Ruger Super Redhawk 454,  anyone use a burris fastfire for hunting?  How do you mount it on a ruger with the cut-outs on a ruger for scope mounting?


----------



## frankwright (Aug 17, 2013)

Weigand makes a mount that fastens to the cutouts and then allows you to use almost any scope or red dot.
http://www.jackweigand.com/Redhawk_Blackhawk_Bisley_Hunter.html

I have been using one on my Redhawk with a Ultradot for several years with no problems.
There may be some other options too.

I have never used a Fastfire or any other open type red dot but have used several of the tubed versions.


----------



## nickE10mm (Aug 19, 2013)

I know its not a SRH but here's the deal on my SBH Hunter...

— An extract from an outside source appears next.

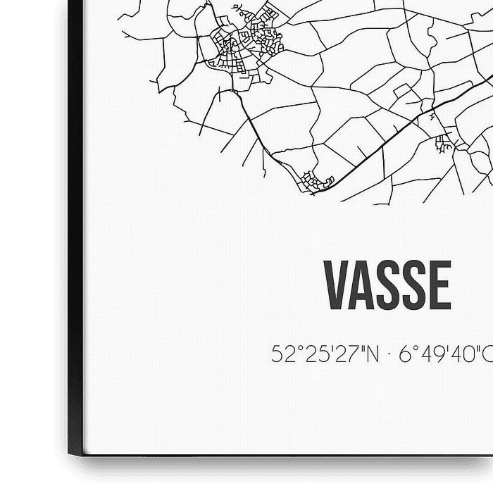 Achetez cette œuvre d'art abstraite Vasse (Overijssel) | Carte | Noir et Blanc par Affiches de lieux sur toile, aluminium, ArtFrame ou photographie (encadrée), impression d'art en haute qualité et tout format.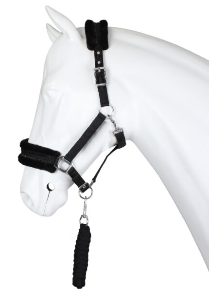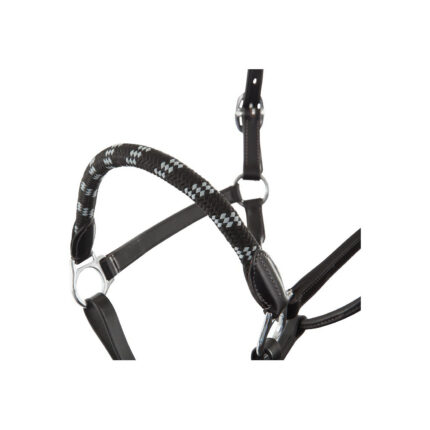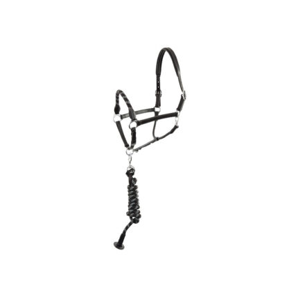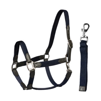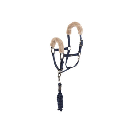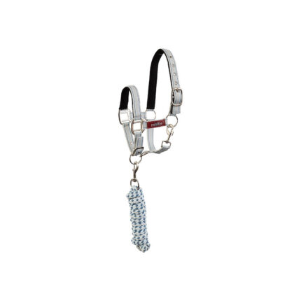 Materjal: PP-nailon ja polรผester Deluxe two tone halter set adjustable at both headpiece and noseband and comes with a 200 cm lead rope with snaphook. The halter is padded with a mesh liner at the headpiece, noseband and cheek pieces and is finished with silver or rose gold.

I've been on a .44 mag kick for the last several months and will probably be using my Ruger Super Blackhawk Bisley Hunter in .44 most of this coming season.  I have a Fastfire 3 mounted to it which is AWESOME, making those intermediate-range shots (20-60y) MUCH easier to make, although I took the FF3 off a week or two ago to play with open sights for a while.  (It takes about 3 minutes to put the FF3 back onto the Ruger and minimal shots to ensure the sight is still sighted in, so I just keep the FF3 and its wrench in my .44 case so I have options).  I'll be using a warm handloaded 250-255gr WFN or Keith hardcast at 1250-1300fps which, after my recent firelapping project, allow me to get sub-1" 25y groups with OPEN SIGHTS.... Can't wait to get a deer with ol' Blackie!

Ruger SBH Bisley Hunter


----------